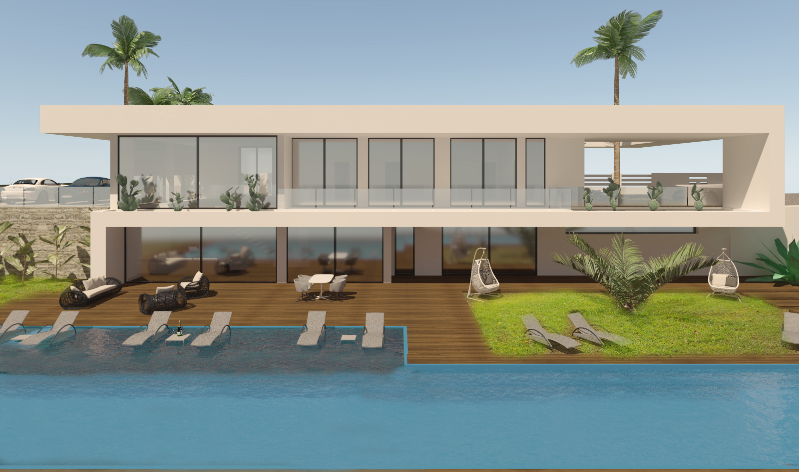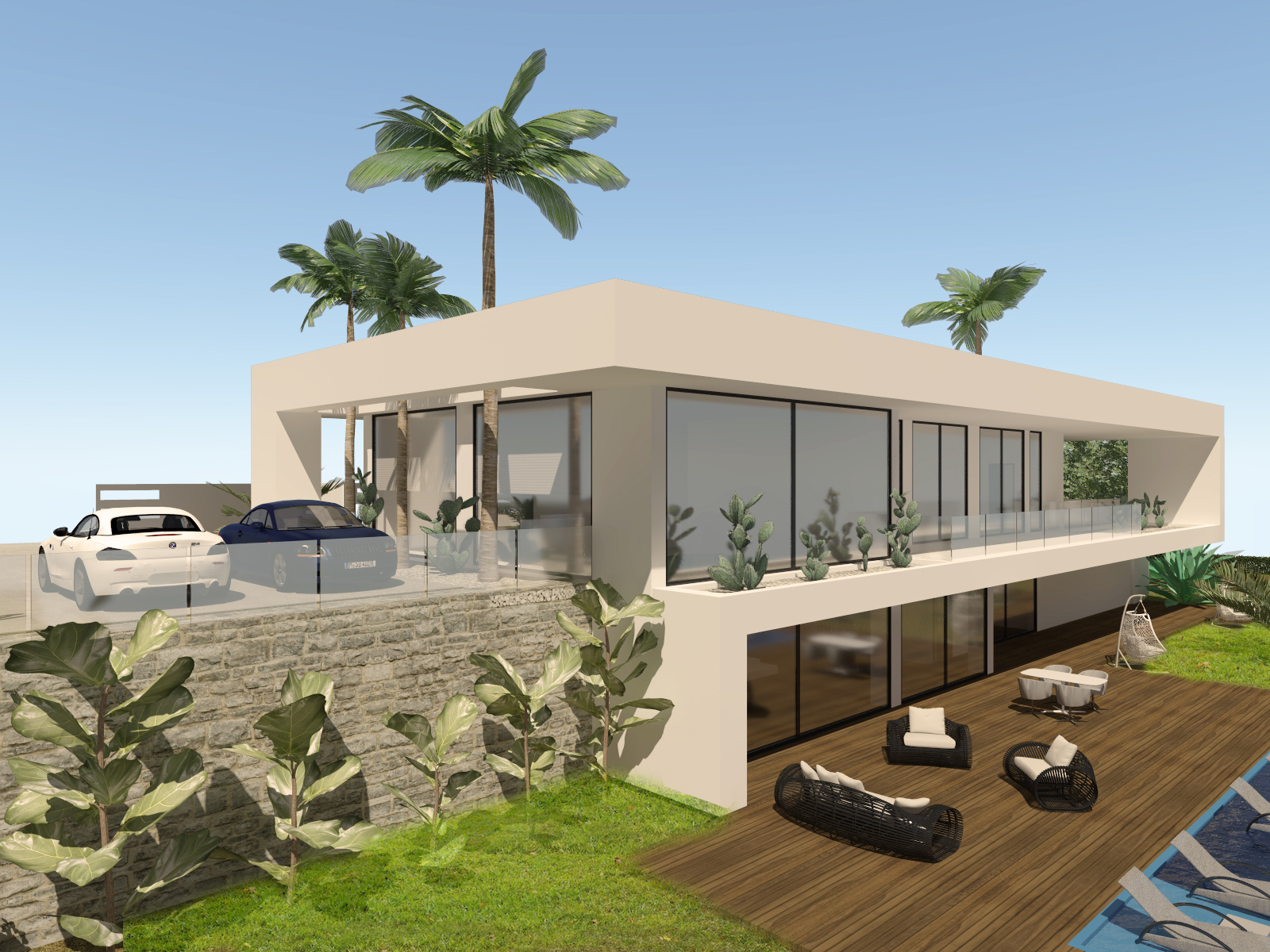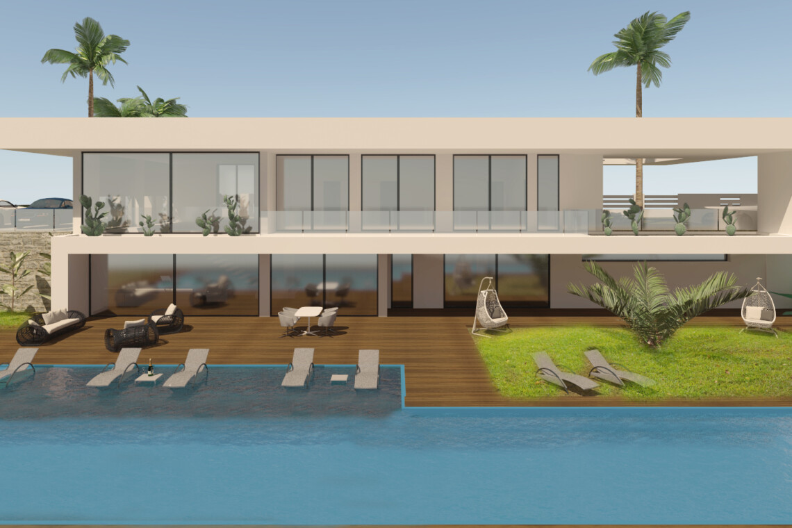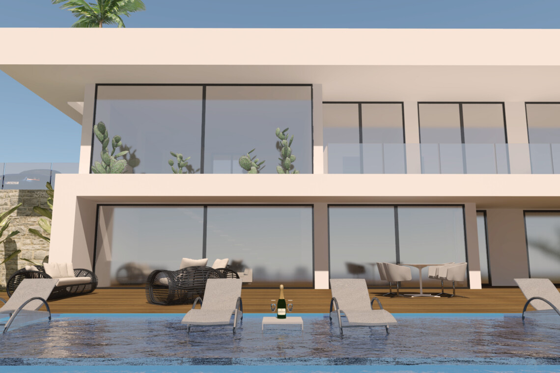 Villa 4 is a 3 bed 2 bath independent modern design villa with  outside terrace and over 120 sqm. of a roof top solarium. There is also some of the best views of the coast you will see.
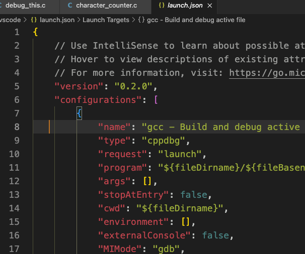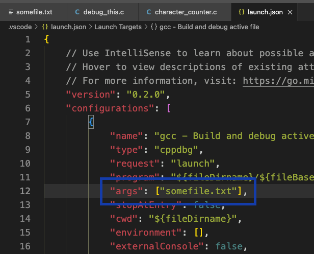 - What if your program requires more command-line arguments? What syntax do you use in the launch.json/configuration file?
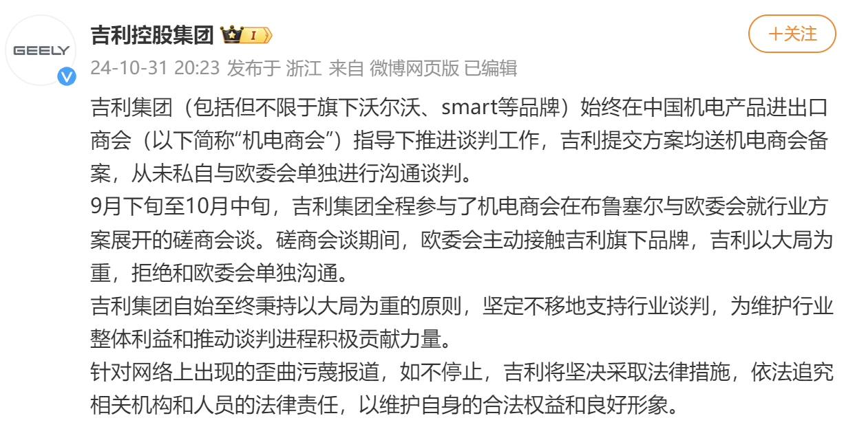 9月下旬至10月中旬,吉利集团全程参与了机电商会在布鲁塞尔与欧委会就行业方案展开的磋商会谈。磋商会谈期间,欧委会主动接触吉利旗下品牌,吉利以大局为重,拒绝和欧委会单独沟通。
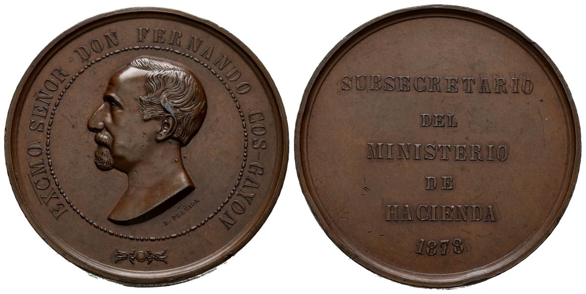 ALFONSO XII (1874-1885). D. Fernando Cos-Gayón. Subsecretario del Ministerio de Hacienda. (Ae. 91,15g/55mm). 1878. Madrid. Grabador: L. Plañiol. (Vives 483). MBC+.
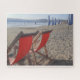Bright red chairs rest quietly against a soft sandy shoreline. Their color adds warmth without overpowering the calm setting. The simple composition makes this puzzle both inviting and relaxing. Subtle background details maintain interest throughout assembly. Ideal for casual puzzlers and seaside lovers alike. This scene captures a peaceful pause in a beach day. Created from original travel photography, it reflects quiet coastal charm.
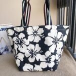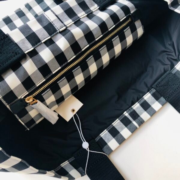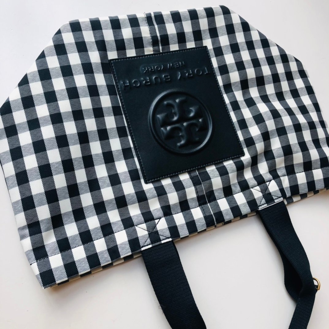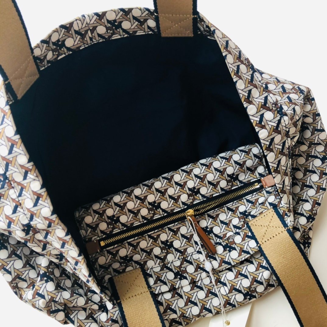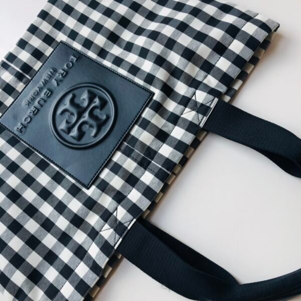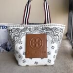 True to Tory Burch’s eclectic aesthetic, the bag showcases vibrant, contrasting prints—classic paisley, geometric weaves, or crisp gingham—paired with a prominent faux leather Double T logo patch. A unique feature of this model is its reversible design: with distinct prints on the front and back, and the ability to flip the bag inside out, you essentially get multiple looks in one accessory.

---

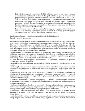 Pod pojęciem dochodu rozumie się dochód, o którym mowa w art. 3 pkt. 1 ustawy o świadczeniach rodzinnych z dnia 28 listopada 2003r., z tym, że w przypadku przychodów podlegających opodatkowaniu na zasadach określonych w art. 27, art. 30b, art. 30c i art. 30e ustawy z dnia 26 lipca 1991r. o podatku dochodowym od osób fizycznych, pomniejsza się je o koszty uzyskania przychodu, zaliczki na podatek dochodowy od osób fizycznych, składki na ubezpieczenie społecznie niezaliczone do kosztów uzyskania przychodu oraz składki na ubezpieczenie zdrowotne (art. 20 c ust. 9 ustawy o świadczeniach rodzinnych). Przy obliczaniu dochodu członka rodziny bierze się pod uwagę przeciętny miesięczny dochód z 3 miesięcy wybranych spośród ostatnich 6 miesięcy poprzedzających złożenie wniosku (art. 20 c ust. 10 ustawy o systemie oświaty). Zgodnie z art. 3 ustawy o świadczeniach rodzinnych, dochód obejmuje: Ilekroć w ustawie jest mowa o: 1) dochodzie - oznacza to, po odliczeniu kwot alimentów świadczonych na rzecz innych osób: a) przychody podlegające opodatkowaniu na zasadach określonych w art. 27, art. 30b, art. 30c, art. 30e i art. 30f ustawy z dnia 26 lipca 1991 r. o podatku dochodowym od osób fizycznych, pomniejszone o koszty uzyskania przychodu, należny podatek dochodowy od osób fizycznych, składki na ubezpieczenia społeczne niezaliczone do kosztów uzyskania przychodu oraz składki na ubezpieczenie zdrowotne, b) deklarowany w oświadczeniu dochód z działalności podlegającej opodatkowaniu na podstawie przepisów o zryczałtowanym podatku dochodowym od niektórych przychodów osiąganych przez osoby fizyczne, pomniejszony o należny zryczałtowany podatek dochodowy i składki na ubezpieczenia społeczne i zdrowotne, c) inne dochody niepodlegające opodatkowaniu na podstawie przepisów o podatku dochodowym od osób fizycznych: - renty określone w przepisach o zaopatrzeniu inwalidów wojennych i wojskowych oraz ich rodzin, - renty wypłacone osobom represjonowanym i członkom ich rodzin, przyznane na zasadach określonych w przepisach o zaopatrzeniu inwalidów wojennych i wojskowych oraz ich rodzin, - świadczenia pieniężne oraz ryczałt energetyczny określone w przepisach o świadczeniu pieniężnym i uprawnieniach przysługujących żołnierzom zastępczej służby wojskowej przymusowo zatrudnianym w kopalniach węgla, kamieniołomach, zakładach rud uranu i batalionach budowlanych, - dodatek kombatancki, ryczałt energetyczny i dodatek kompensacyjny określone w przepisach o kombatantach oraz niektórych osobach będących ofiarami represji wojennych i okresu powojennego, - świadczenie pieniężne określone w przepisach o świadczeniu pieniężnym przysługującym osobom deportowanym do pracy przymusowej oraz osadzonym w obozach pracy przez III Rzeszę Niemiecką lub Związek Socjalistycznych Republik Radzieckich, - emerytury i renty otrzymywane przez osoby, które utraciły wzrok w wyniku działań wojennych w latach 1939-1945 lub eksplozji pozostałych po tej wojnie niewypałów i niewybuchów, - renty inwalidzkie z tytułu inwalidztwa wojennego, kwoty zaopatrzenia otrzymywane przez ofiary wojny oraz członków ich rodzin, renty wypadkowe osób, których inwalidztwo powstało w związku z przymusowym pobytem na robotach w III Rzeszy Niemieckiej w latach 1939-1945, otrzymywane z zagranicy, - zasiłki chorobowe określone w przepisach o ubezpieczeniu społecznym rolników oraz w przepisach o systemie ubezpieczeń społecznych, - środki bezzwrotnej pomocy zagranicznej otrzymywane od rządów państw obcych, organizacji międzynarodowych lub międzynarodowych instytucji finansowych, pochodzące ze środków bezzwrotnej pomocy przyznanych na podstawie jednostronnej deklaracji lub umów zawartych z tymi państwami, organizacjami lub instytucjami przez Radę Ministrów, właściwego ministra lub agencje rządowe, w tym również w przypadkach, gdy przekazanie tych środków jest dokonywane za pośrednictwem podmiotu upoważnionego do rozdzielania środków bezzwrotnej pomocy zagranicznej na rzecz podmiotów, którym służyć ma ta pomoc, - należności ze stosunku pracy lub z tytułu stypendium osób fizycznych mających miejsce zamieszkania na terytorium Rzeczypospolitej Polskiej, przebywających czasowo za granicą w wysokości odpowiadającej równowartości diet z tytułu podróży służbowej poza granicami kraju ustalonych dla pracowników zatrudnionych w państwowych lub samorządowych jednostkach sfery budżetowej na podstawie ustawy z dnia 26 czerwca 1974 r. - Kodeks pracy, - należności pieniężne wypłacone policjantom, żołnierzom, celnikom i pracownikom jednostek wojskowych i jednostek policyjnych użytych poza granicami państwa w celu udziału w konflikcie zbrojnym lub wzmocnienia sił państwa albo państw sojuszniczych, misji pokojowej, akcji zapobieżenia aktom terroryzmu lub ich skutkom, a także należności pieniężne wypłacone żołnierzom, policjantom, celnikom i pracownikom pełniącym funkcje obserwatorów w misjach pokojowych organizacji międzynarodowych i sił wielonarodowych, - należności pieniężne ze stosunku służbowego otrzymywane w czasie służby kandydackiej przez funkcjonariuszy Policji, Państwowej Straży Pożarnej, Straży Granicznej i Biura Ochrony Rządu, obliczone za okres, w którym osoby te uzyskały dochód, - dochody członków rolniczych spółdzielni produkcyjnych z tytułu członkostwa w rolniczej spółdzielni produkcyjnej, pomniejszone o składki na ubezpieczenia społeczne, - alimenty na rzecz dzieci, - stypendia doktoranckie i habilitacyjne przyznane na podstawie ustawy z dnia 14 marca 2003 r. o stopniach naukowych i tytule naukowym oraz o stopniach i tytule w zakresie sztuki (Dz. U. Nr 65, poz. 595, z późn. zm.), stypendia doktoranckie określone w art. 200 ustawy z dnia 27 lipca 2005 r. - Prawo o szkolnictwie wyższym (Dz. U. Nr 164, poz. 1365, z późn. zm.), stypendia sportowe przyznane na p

Task prompt.
In the data above, find the line containing "Bright red chairs" and the line containing "True to Tory". Repeat those two lines and everything between them exactly, minus the pictures.

Solved exercise.
Bright red chairs rest quietly against a soft sandy shoreline. Their color adds warmth without overpowering the calm setting. The simple composition makes this puzzle both inviting and relaxing. Subtle background details maintain interest throughout assembly. Ideal for casual puzzlers and seaside lovers alike. This scene captures a peaceful pause in a beach day. Created from original travel photography, it reflects quiet coastal charm.
 True to Tory Burch’s eclectic aesthetic, the bag showcases vibrant, contrasting prints—classic paisley, geometric weaves, or crisp gingham—paired with a prominent faux leather Double T logo patch. A unique feature of this model is its reversible design: with distinct prints on the front and back, and the ability to flip the bag inside out, you essentially get multiple looks in one accessory.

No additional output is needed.